Required action:
Start the copy at the line holding "Record. | |||||" and continue it exactly through the last line of the entries, leaving out pictures and anything else.
*** Begin section ***
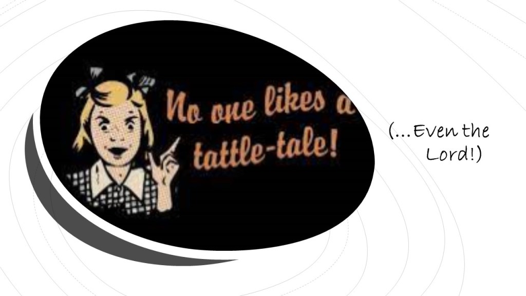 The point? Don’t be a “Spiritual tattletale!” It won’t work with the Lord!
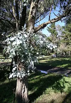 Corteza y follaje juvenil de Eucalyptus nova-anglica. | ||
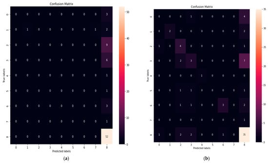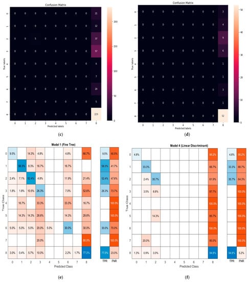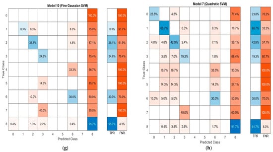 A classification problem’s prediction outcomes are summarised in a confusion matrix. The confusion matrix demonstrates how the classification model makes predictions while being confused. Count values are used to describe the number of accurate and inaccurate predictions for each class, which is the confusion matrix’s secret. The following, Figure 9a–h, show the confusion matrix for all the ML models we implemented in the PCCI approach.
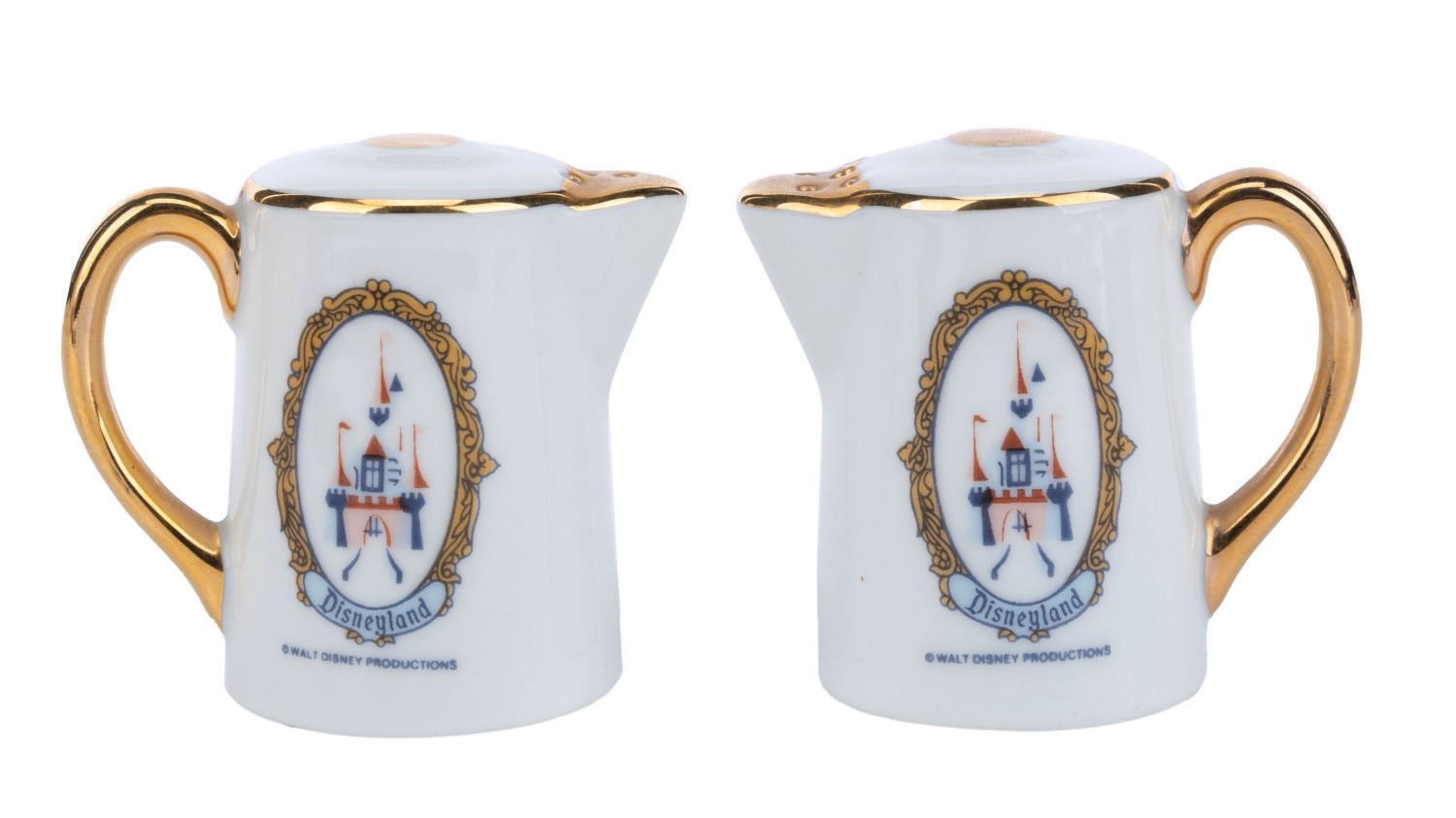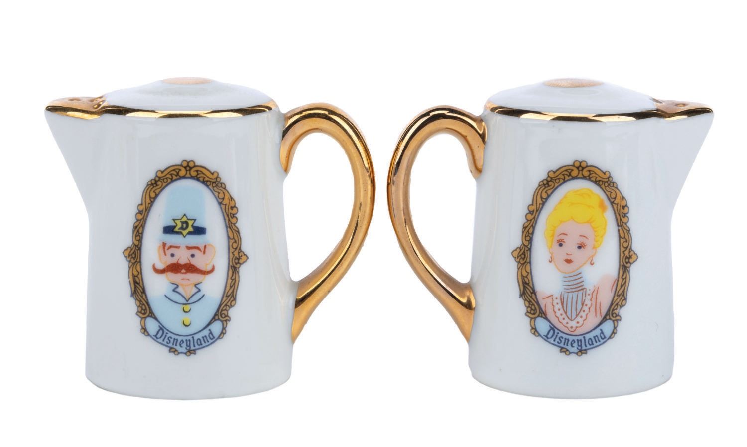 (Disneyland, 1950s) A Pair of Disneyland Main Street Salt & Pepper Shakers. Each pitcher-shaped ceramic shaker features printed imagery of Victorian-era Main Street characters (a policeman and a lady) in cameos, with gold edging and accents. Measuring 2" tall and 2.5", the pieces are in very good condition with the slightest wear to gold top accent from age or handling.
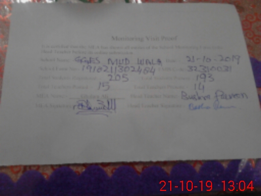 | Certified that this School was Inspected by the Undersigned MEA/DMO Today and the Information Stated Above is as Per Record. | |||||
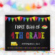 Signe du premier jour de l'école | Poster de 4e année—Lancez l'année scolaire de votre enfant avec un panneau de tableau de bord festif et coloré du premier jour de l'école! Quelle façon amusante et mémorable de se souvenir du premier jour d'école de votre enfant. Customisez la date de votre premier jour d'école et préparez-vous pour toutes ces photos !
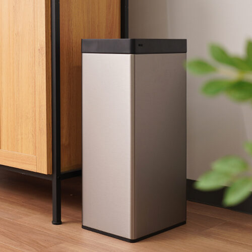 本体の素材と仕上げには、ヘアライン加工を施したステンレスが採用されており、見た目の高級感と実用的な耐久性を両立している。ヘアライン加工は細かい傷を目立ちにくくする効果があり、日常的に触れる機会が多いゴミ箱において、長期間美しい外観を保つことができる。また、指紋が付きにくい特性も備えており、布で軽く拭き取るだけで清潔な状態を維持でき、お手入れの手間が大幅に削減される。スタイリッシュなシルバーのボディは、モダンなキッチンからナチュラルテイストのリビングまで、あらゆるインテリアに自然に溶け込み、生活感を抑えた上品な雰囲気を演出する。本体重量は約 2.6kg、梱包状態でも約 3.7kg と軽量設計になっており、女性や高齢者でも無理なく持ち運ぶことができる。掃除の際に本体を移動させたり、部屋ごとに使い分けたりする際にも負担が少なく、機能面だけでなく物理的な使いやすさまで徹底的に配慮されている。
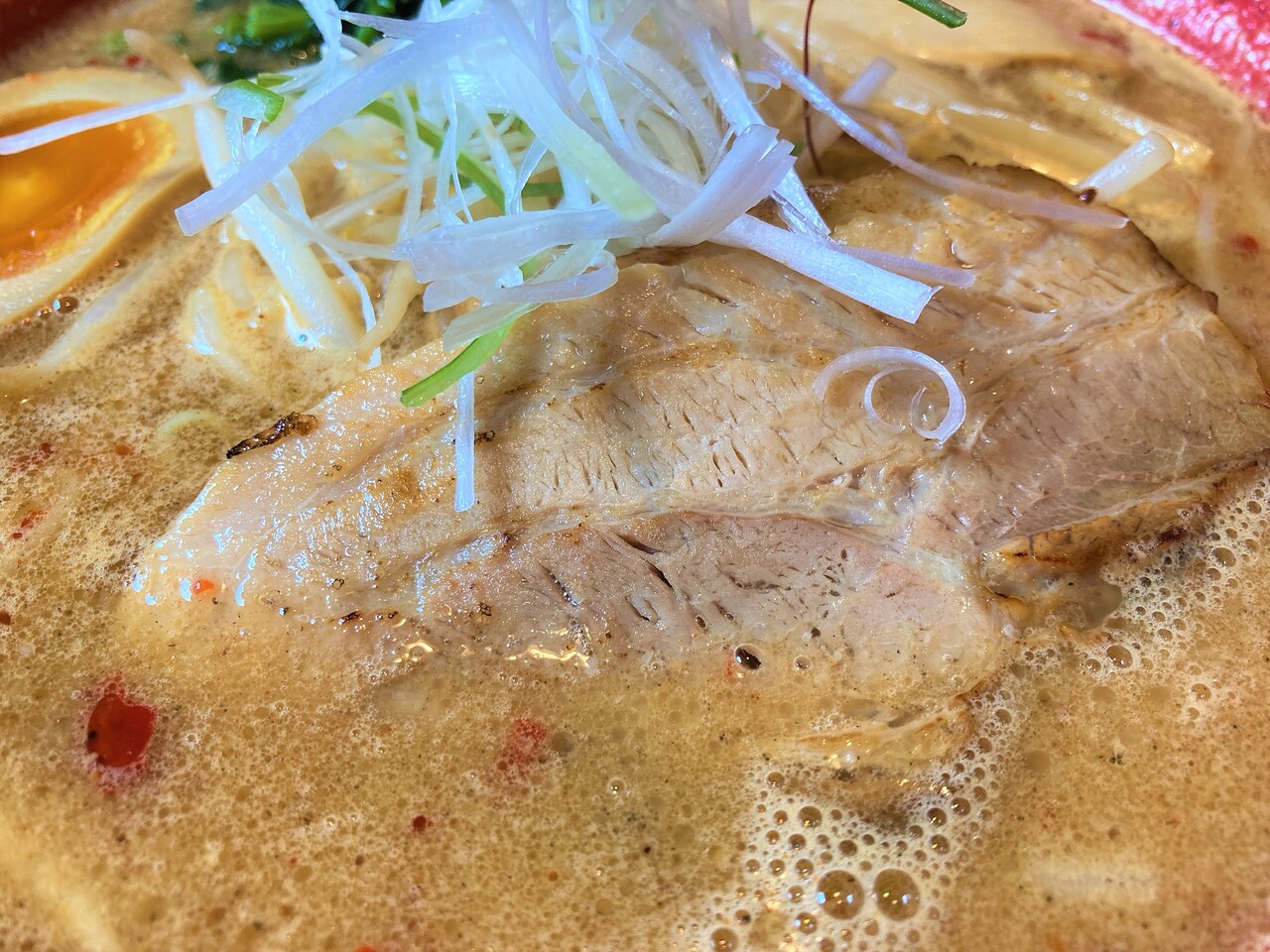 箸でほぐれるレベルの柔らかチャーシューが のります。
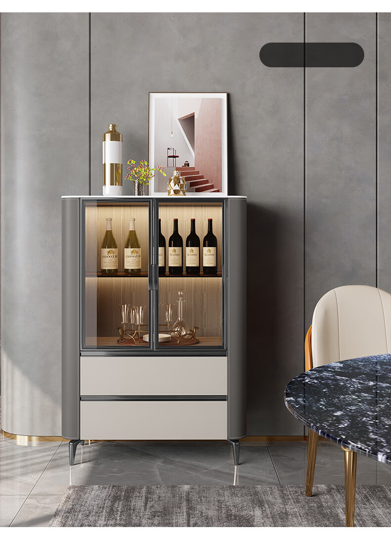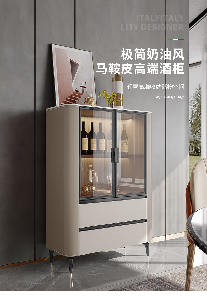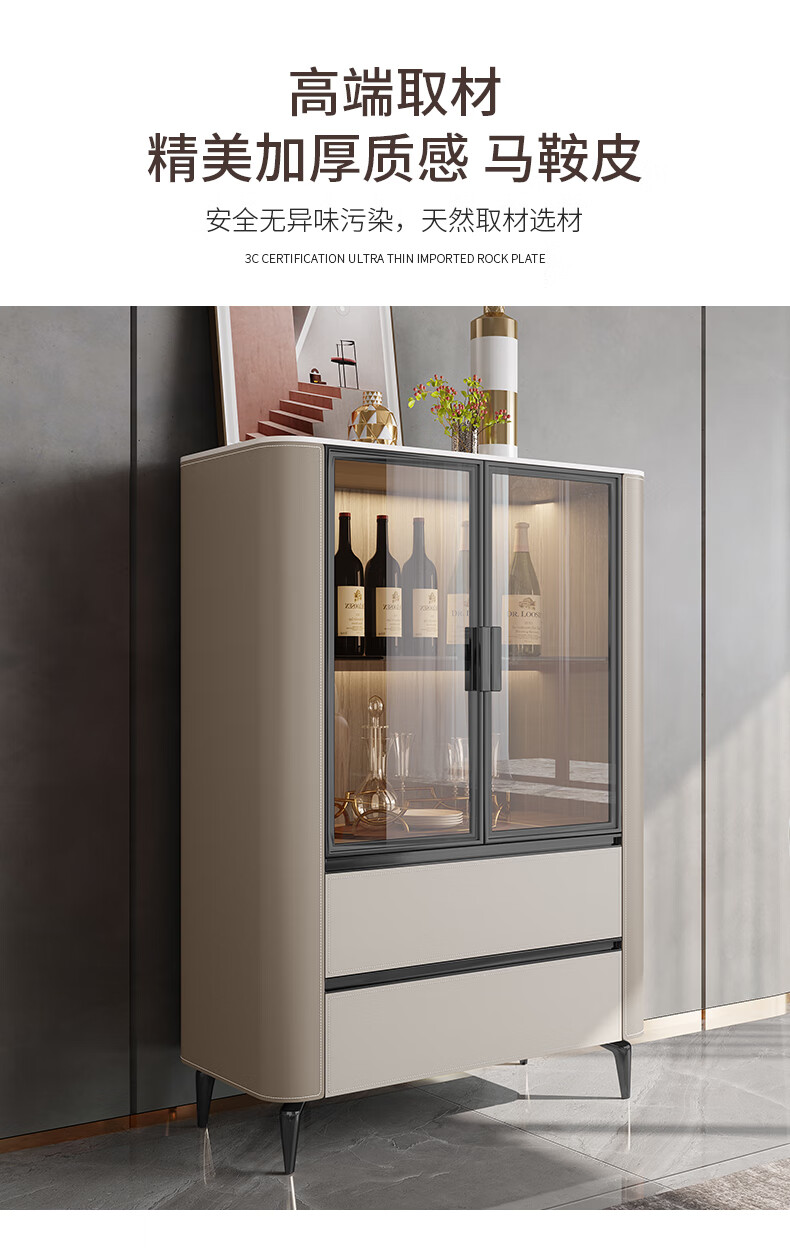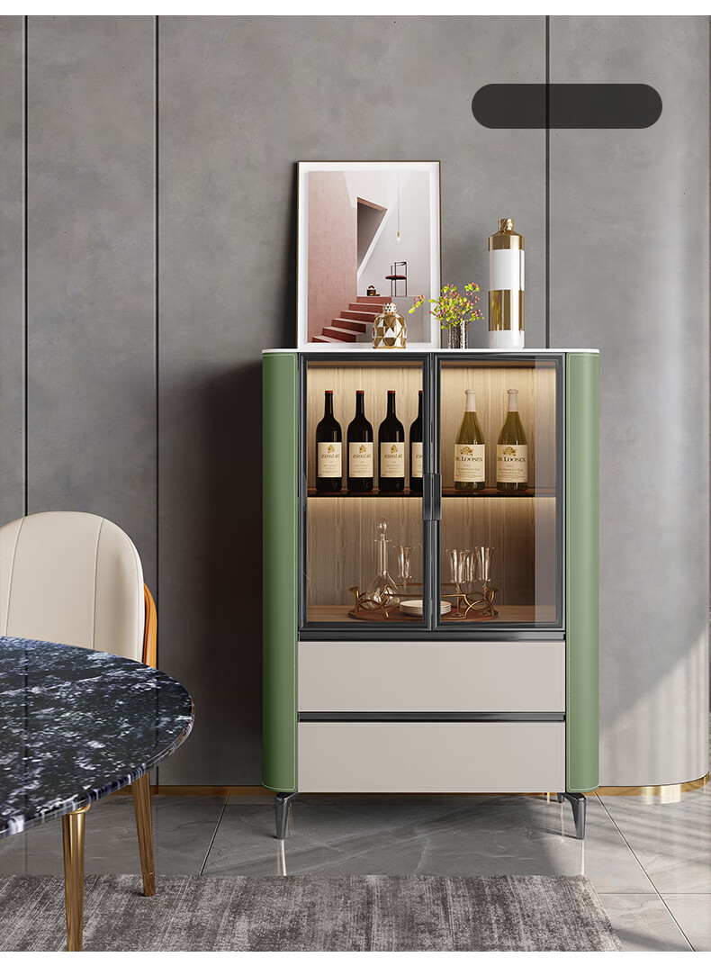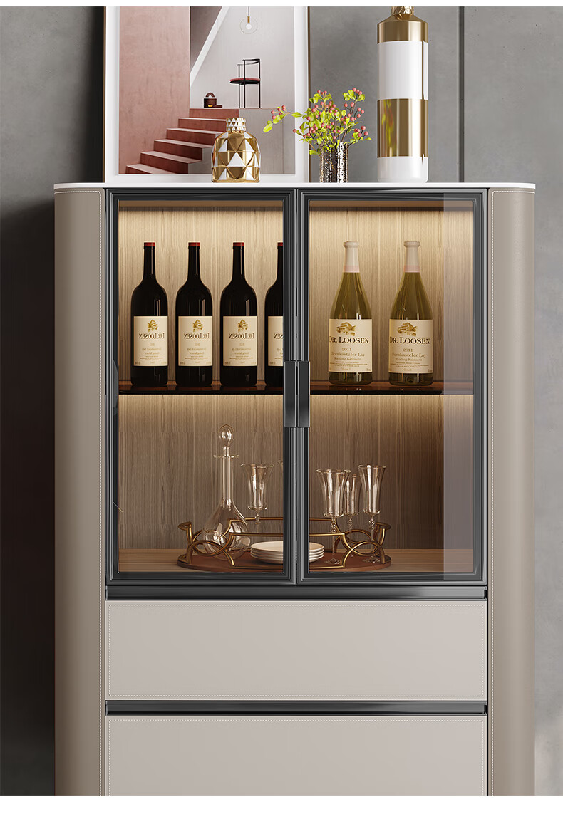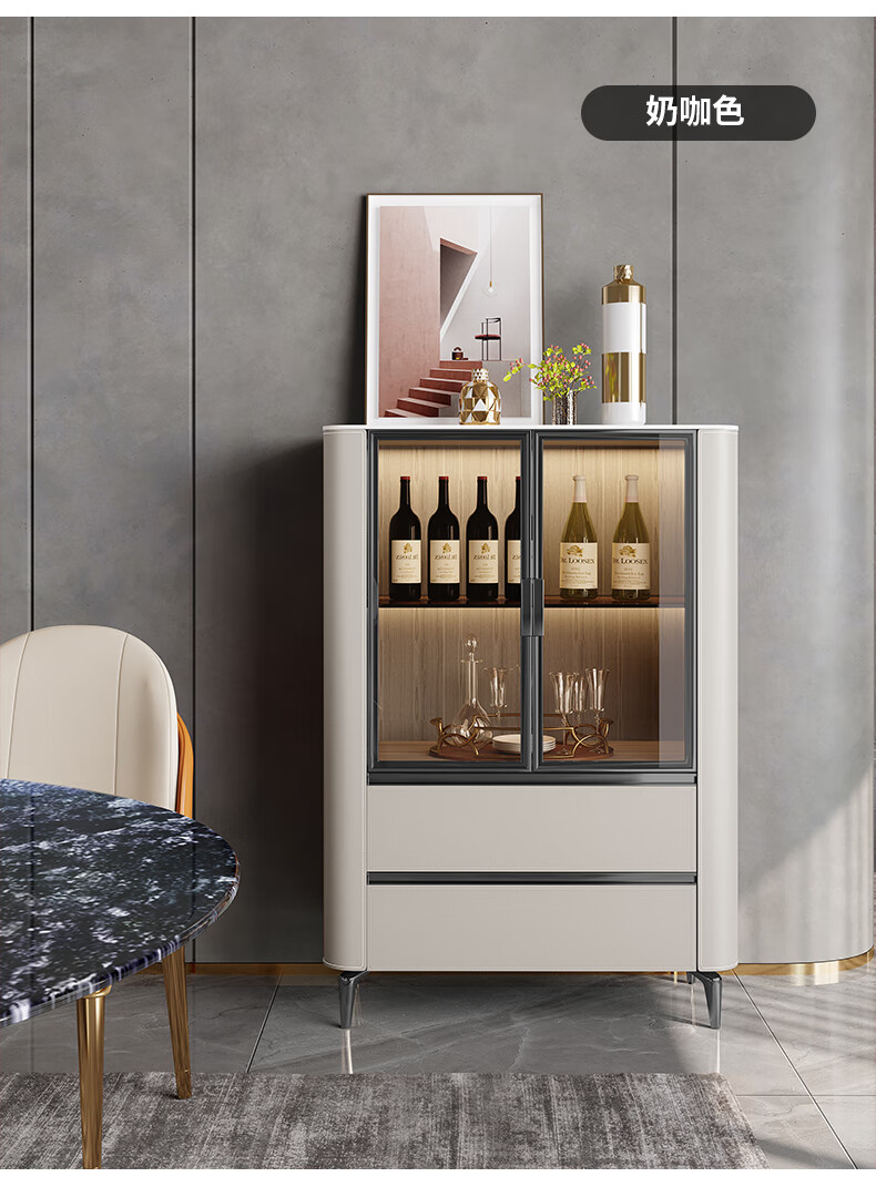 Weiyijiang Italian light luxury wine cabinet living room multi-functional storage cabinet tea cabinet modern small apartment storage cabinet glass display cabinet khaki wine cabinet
*** End section ***
Finished task:
 | Certified that this School was Inspected by the Undersigned MEA/DMO Today and the Information Stated Above is as Per Record. | |||||
 Signe du premier jour de l'école | Poster de 4e année—Lancez l'année scolaire de votre enfant avec un panneau de tableau de bord festif et coloré du premier jour de l'école! Quelle façon amusante et mémorable de se souvenir du premier jour d'école de votre enfant. Customisez la date de votre premier jour d'école et préparez-vous pour toutes ces photos !
 本体の素材と仕上げには、ヘアライン加工を施したステンレスが採用されており、見た目の高級感と実用的な耐久性を両立している。ヘアライン加工は細かい傷を目立ちにくくする効果があり、日常的に触れる機会が多いゴミ箱において、長期間美しい外観を保つことができる。また、指紋が付きにくい特性も備えており、布で軽く拭き取るだけで清潔な状態を維持でき、お手入れの手間が大幅に削減される。スタイリッシュなシルバーのボディは、モダンなキッチンからナチュラルテイストのリビングまで、あらゆるインテリアに自然に溶け込み、生活感を抑えた上品な雰囲気を演出する。本体重量は約 2.6kg、梱包状態でも約 3.7kg と軽量設計になっており、女性や高齢者でも無理なく持ち運ぶことができる。掃除の際に本体を移動させたり、部屋ごとに使い分けたりする際にも負担が少なく、機能面だけでなく物理的な使いやすさまで徹底的に配慮されている。
 箸でほぐれるレベルの柔らかチャーシューが のります。
 Weiyijiang Italian light luxury wine cabinet living room multi-functional storage cabinet tea cabinet modern small apartment storage cabinet glass display cabinet khaki wine cabinet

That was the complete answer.